Cbre

CBRE's analysis highlights persistent supply constraints in the US data center market, driven by unprecedented AI-driven demand that has pushed vacancy rates to historic lows. The primary challenge has shifted from demand growth to the critical bottleneck of delivery timelines. Overcoming physical and regulatory hurdles to enable new capacity is now the central focus for market performance and future expansion.

The firm now emphasizes securing entitled land with existing power infrastructure as crucial for successful expansion, addressing delays from utility connections and complex permitting. This strategic pivot acknowledges that operational readiness, rather than broad demand observation, dictates future sector capacity. CBRE's focus has sharpened from diagnosing demand to pinpointing granular execution risks limiting new supply delivery.

In Europe, CBRE projects hyperscaler self-build capacity growth will outpace colocation supply expansion, though overall absorption in 2025 may be weaker than anticipated. This introduces a nuance regarding absorption rates despite strong underlying capacity build-out trends.
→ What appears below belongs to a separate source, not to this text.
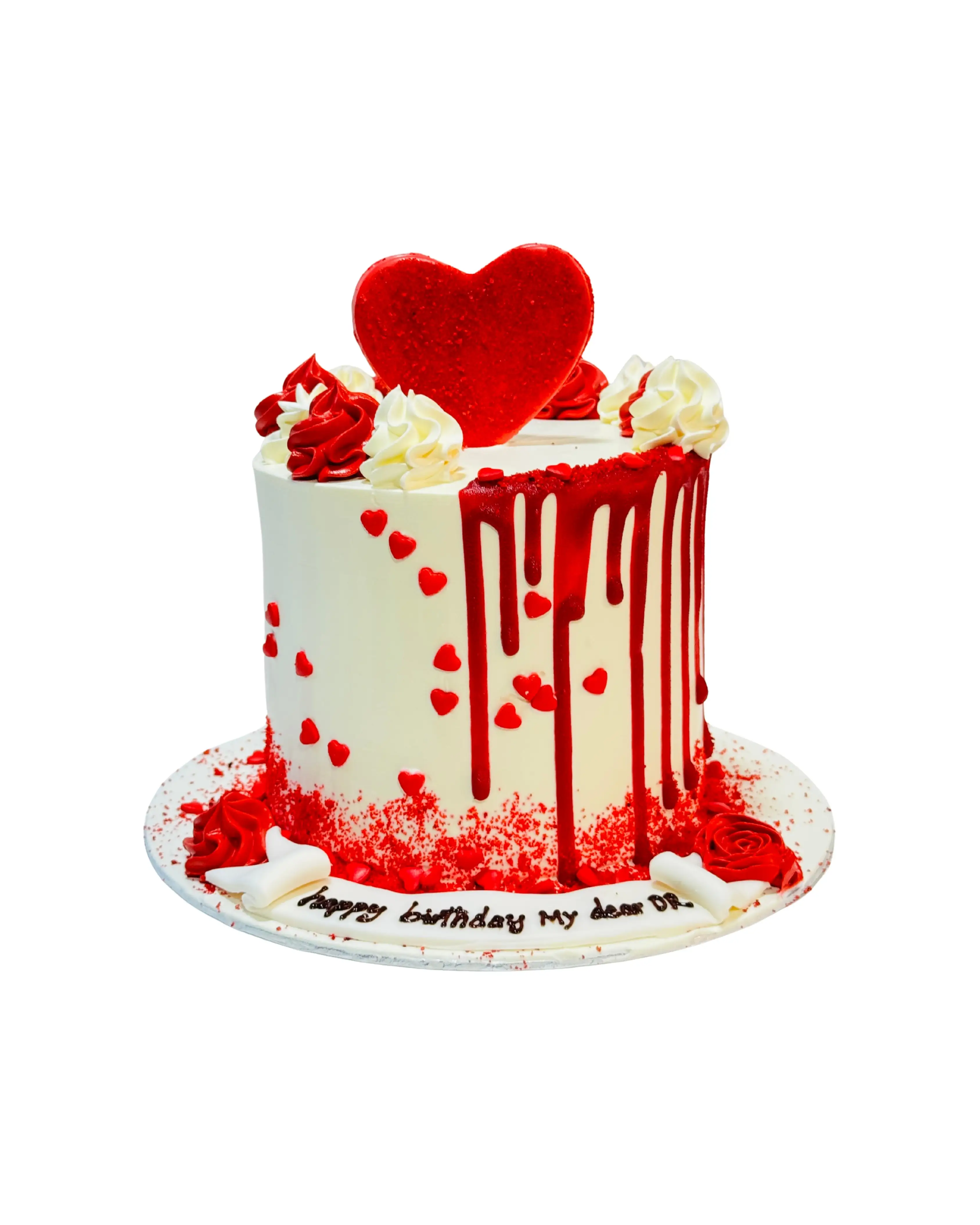 A romantic red velvet inspired fresh cream cake with heart details and dramatic red drip finish. Ideal for anniversaries Valentines Day birthdays and surprise celebrations for loved ones.

CBRE's evolving position solidifies around infrastructure enablement as the key determinant moving toward 2026, particularly in the US, where rapid connection of ready capacity is paramount.

Last updated May 24, 2026

Coverage

According to CBRE, pricing for FLAPD capacity is anticipated to increase by 12 percent this year due to escalating demand, as stated by the consultancy firm.
According to CBRE projections, European hyperscaler self-build capacity expansion is expected to outpace colocation supply growth, although overall supply absorption in 2025 is anticipated to be weaker than expected.
The article analyzes how the availability of entitled land with existing power infrastructure is directly fueling the expansion of data center construction projects.
CBRE's 2026 outlook suggests that while demand for data centers in the United States is surging due to artificial intelligence, leading to historic low vacancy and higher pricing, delivery timelines are now constrained by power availability and construction risk.